(Bloomberg) -- The billionaire owners behind Standard Industries Holdings Inc. are no strangers to debt-funded takeovers. But their latest acquisition is taking that playbook to a whole new level.
The industrial group controlled by the families of the late corporate raider Samuel Heyman and co-CEOs David Millstone and David Winter, plans to rely on borrowed money to fund as much as 85% of its purchase of specialty-chemicals company W.R. Grace & Co., including most of its $3.5 billion equity check, according to Bloomberg calculations based on public filings.
While not all the debt will be raised from the same corporate entity, the strategy is a testament to the strength of credit markets, where low rates and a flood of cash among money managers have encouraged companies to borrow billions of dollars for acquisitions, special payouts to their ultra-rich owners and everything in between.
Standard has obtained commitments from banks worth as much as $3.5 billion to fund the Grace deal, which values the company at around $7 billion, regulatory filings show.
The rest will largely come from a $3.2 billion dividend the owners plan to extract from Standard Industries Inc., the operating entity that houses the group’s roofing, waterproofing and building materials divisions, according to Moody’s Investors Service.

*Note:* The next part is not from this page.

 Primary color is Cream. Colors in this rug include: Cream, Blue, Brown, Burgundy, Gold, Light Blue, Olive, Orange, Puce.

“The owners of Standard Industries are following a very aggressive financial policy by using the company’s balance sheet and a large portion of the company’s cash on hand for a sizable dividend,” Peter Doyle, an analyst at Moody’s wrote in a note on Monday. He said the financing will bring no benefit to holders of Standard’s existing debt.
A representative for Standard Industries declined to comment.

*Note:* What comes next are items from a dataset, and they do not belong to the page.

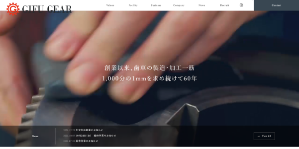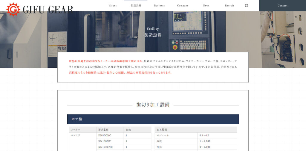 また、岐阜ギヤー工業株式会社様のように社員の笑顔やチームワークが伝わる写真を多用することで、現場の風通しの良さを伝えています。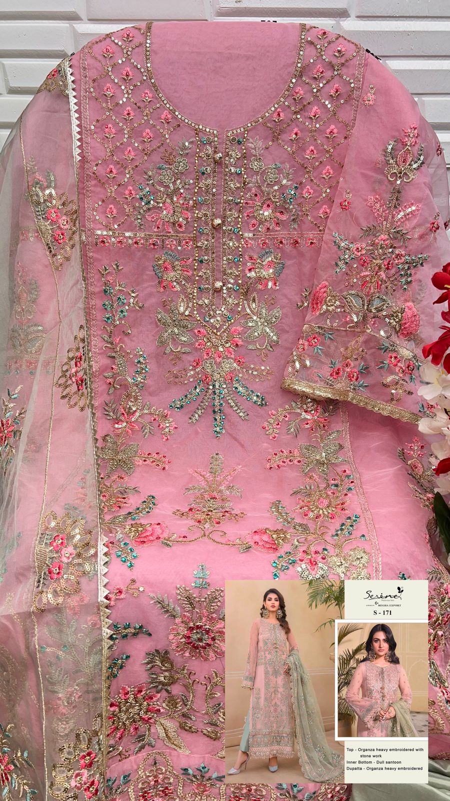 Buy Online S 171 By Serine Organza Embroidery Pakistani Suits 5 Pcs of Full Catalogue at Wholesale Price. Looking for S 171 By Serine Organza Embroidery Pakistani Suits Full Catalouge at Best Price? Buy Now S 171 By Serine Organza Embroidery Pakistani Suits at Wholesale Rate of Rs 6745 with Total 5 Pcs from authroized dealer and supplier of Brand. Cost of Each piece is just only Rs 1349 which is very low and affordable price to resale the product in your retail store ,This is Surat based Wholesale Supplier & Dealer of Brand. Click on Brand name to Know more about Brand's products.Call or Whatsapp on 9898838984 for booking or enquiry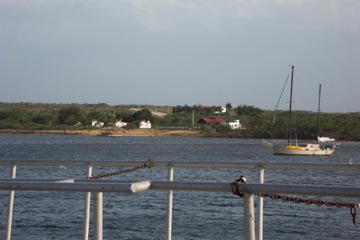 I have also gone walkabout here, as Keith says -- taking off for two days to see more of the country. The boat being small and Keith and my being unused to the company of others for long stretches of time places a periodic strain on both of us. The town of Monte Cristi, described as "mas turistica" (more tourist-like) than Manzanillo, appears slightly less touristy than expected. There are few cars, some solid houses mixed with the shacks, and many men gathered at bars and docks along the beach. As in Manzanillo, the people are also incredibly friendly. Several miles from Monte Cristi is Morro Mountain. I hike up the mountain until exhausted, then walk across the pass between two peaks to find a small but beautiful beach surrounded by overhanging cliffs. Immediately recall my rock-climbing friend Peter's advice to find overhanging cliffs to climb so if you fall off, at least you won't scrape yourself to death on the way down. The beach is deserted, so I set about climbing them. Naturally, several locals immediately arrive. They begin taking pictures of the crazy American on the cliffs. They use my camera to do so. They shout first to ask me for permission to use the camera and then for directions on how to do it. I shout back answers to both in my broken Spanish, while hanging with my fingertips from the rock. Cannot help help feeling that life is bizarre.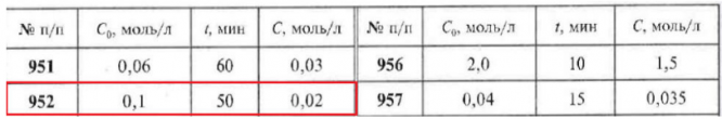 Задачи 951-960 (табл. 2.17). Рассчитайте для элементарной реакции второго порядка А + В → АВ при одинаковых начальных концентрациях реагентов С0 константу скорости реакции и время полупревращения t1/2 обоих веществ, если известно, что через некоторое время t концентрация вещества А уменьшилась до значения С.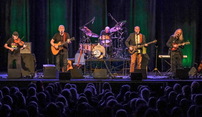 Fairport Convention.Corn Exchange.Exeter UK.25 February2024: Simon Nicol, Dave Pegg, Chris Leslie, Ric Sanders and Dave Mattacks, Fairport Convention, during their Win Tour 2024 perform in front of a capacity audience Corn Exchange Exeter., Credit:Charlie Bryan / Avalon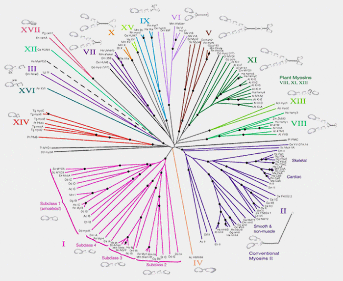 Remarque : Les myosines peuvent également être classées différemment selon leurs propriétés mécaniques et cinétiques (classification des moteurs).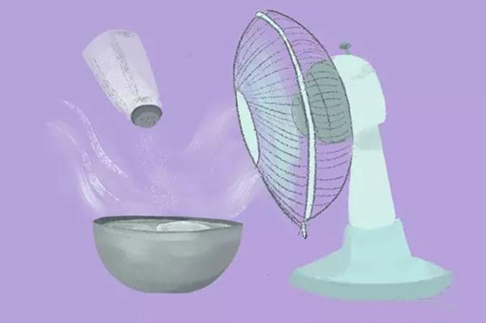 Sử dụng nước và muối làm đá rồi đặt trước quạt. Muối sẽ làm cho đá không bị tan nhanh khi đặt trước quạt. Ảnh: sohu.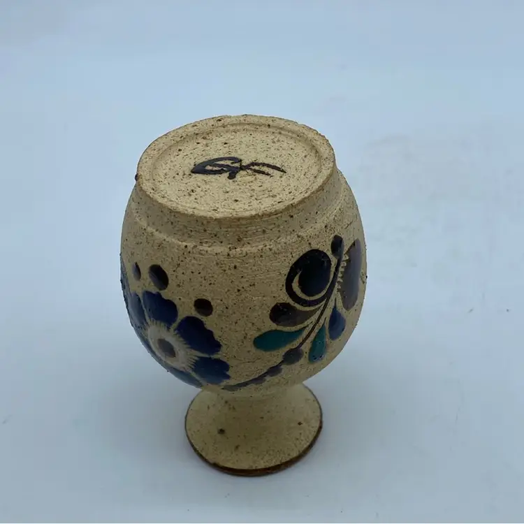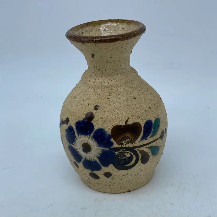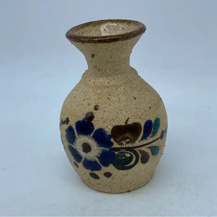 This particular vase, with its blue floral design on a speckled, earth-toned background, is representative of the common decorative ware produced in Tonala. While not typically considered high art, these pieces are popular collectibles, appreciated for their handcrafted charm and cultural significance. The style suggests it likely dates from the mid-20th century, a period when such decorative ceramics gained popularity internationally.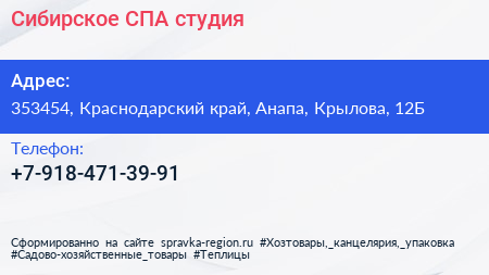 Сибирское СПА, студия по адресу 353454, Краснодарский край, Анапа, Крылова, 12Б в дальнейшем Организация, размещена в следующих категориях: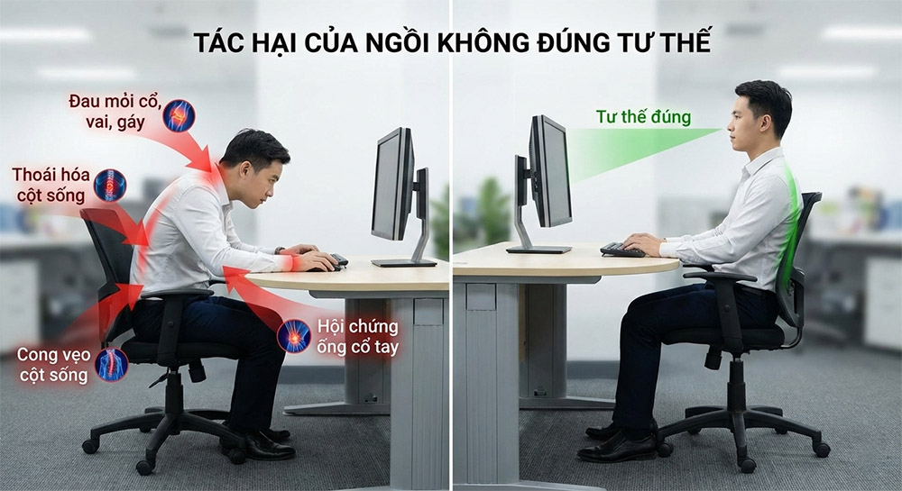 Tư thế ngồi máy tính đúng chuẩn đóng vai trò quan trọng trong việc bảo vệ cột sống và hạn chế đau mỏi khi làm việc lâu dài. Nếu bạn thường xuyên bị đau thắt lưng hay mỏi vai gáy sau mỗi ngày ngồi làm việc, nguyên nhân rất có thể đến từ chiếc ghế và tư thế ngồi chưa đúng. Ngồi sai trong thời gian dài không chỉ gây mệt mỏi mà còn làm tăng nguy cơ gù lưng và thoái hóa cột sống, vì vậy việc điều chỉnh lại tư thế và không gian làm việc theo khuyến nghị y khoa là điều cần thiết.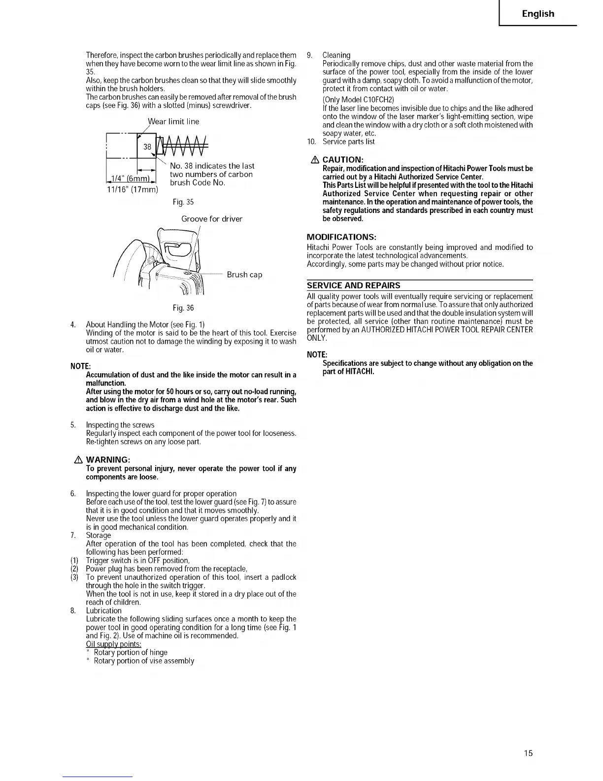Repair,modificationandinspectionofHitachiPowerToolsmustbe

To fund the dividend payment, the operating entity intends to use cash on hand as well as a new $2.5 billion seven-year loan that a group of lenders led by Deutsche Bank AG began marketing to institutional investors this week.
The decision to add more debt to Standard’s highly profitable operating business has hurt the company’s credit rating. Moody’s said it expects to push Standard Industries Inc. further into junk upon closing of the acquisition, while S&P Global Ratings has already stripped the company of its investment-grade, citing the dividend distribution.
“The significant increase in debt more than offsets any potential deleveraging and improvement in credit quality from recent earnings improvements,” S&P analyst Nidhi Narsaria wrote in a note.
S&P now rates the company BB+, or one notch into junk. Moody’s said it intends to bring the company’s rating to Ba3, or three notches into junk from Ba2 currently. Both firms rate the new loan investment-grade because of its higher priority of repayment over Standard’s other indebtedness.
Standard is itself the product of a series of acquisitions that started when Heyman took control of GAF Corp. in the 1980s amid a frenzy of corporate takeovers funded with junk bonds arranged by Drexel Burnham Lambert.
Millstone and Winter started running the business after marrying two of Heyman’s daughters, though Winter has since divorced. Together, they have turned it into an industrial conglomerate that operates in more than 80 countries and is the largest roofing company in the world.
Standard plans to run Grace as a standalone entity alongside its other operating businesses, investment arm 40 North and real estate Winter Properties.